Minuscule 92
- Name: Codex Faeschii 1
- Text: Gospel of Mark †
- Date: 10th century
- Script: Greek
- Now at: Basel University Library
- Size: 26 cm by 20 cm
- Type: Byzantine text-type
- Category: V
- Note: marginalia

= Minuscule 92 =

Minuscule 92 (in the Gregory-Aland numbering), A^{12} (Soden), known as Codex Faeschii 1, is a Greek minuscule manuscript of the New Testament, on parchment leaves. Palaeographically it has been assigned to the 10th century. It has marginalia.

== Description ==
The codex contains the text of the four Gospel of Mark, with a commentary, on 141 parchment leaves. The text is written in one column per page, 31-32 lines per page.

There was no text's division according to the κεφαλαια (chapters) or Ammonian Sections in the original manuscript, but there were the τιτλοι (titles of chapters) at the top of the pages. Latin κεφαλαια (chapters) were added by a later hand.

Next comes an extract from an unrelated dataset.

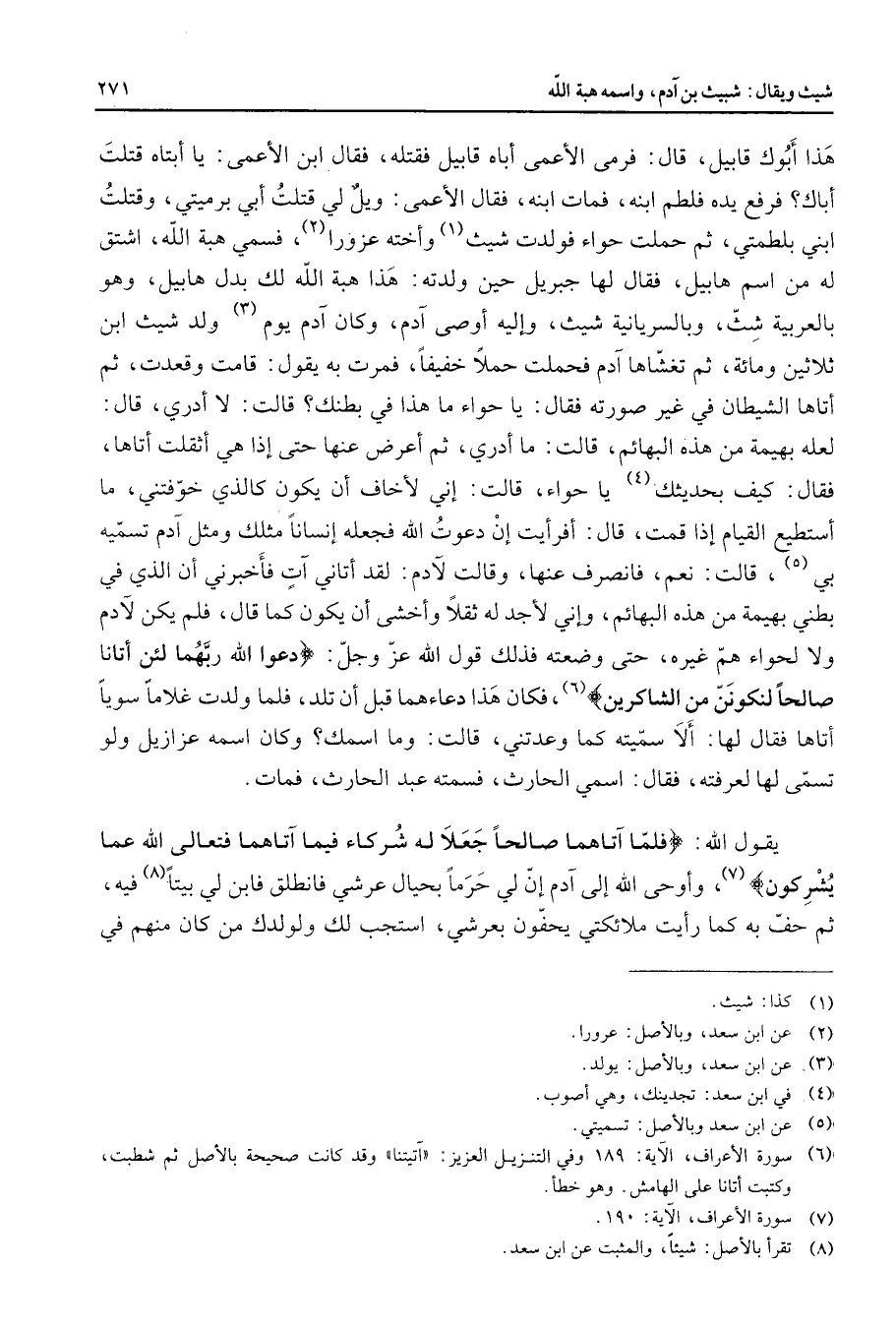هذا أبوك قابيل قال فرمى الأعمى أباه قابيل فقتله فقال ابن الأعمى يا أبتاه قتلت أباك فرفع يده فلطم ابنه فمات ابنه فقال الأعمى ويل لي قتلت أبي برميتي وقتلت ابني بلطمتي ثم حملت حواء فولدت شيث (1) وأخته عزورا (2) فسمي هبة الله اشتق له من اسم هابيل فقال لها جبريل حين ولدته هذا هبة الله لك بدل هابيل وهو بالعربية شث وبالسريانية شيث وإليه أوصى آدم وكان آدم يوم (3) ولد شيث ابن ثلاثين ومائة ثم تغشاها آدم فحملت حملا خفيفا فمرت به يقول قامت وقعدت ثم أتاها الشيطان في غير صورته فقال يا حواء ما هذا في بطنك قالت لا أدري قال لعله بهيمة من هذه البهائم قالت ما أدري ثم أعرض عنها حتى إذا هي أثقلت أتاها فقال كيف بحديثك (4) يا حواء قالت إني لأخاف أن يكون كالذي خوفتني ما أستطيع القيام إذا قمت قال أفرأيت إن دعوت الله فجعله إنسانا مثلك ومثل آدم تسميه بي (5) قالت نعم فانصرف عنها وقالت لآدم لقد أتاني آت فأخبرني أن الذي في بطني بهيمة من هذه البهائم وإني لأجد له ثقلا وأخشى أن يكون كما قال فلم يكن لآدم ولا لحواء هم غيره حتى وضعته فذلك قول الله عز وجل " دعوا الله ربهما لئن أتانا صالحا لنكونن من الشاكرين " (6) فكان هذا دعاءهما قبل أن تلد فلما ولدت غلاما سويا أتاها فقال لها ألا سميته كما وعدتني قال وما اسمك وكان اسمه عزازيل ولو تسمى لها لعرفته فقال اسمي الحارث فسمته عبد الحارث فمات يقول الله " فلما آتاهما صالحا جعلا له شركاء فيما آتاهما فتعالى الله عما يشركون " (7) وأوحى الله إلى آدم إن لي حرما بحيال عرشي فانطلق فابن لي بيتا (8) فيه ثم حف به كما رأيت ملائكتي يحفون بعرشي استجب لك ولولدك من كان منهم في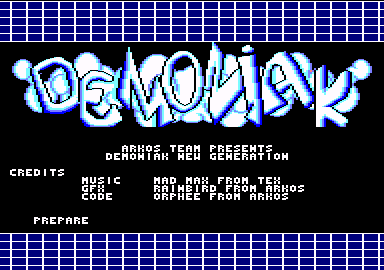 Commencons par DEMONIAK 4... Ce sont les auteurs de la BORDELIK MEETING DEMO 3, alors avant de commencer le test, je suppose deja que vous voyez de qui je parle... Non ? Mais d'ARKOS bien sur ! Allez, on commence. Tout d'abord, le numéro 3 etait deja pas trop mal, mais il y avait des bugs et le code principal etait en BASIC... Desormais, le singe est devenu homme et DEMONIAK est 100 pour 100 ASSEMBLEUR. Le fanzine tient sur une disquette bourrée à fond par des articles compressés. Chaque rubrique estcomme une mini demo ! Au fil de la lecture de DEMONIAK 4, vous y verez des vumetres, damiers, ondulations, rasters, animations, scrollings...

It contains table of the κεφαλαια (table of contents) before the text of the Gospel, pictures, a commentary of Victorinus and scholia at the margin to the Catholic epistles. The text of the Catholic epistles is only in some passages.

== Text ==

The Greek text of the codex is a representative of the Byzantine text-type. Aland placed it in Category V.

== History ==

In 1485 the manuscript belongs to John Camerarius, bishop of Worms. It once belonged to Andreas Faesche in Basel. It was examined by Johann Jakob Wettstein and Dean Burgon. C. R. Gregory saw it in 1885.

The manuscript is dated by the INTF to the 10th century.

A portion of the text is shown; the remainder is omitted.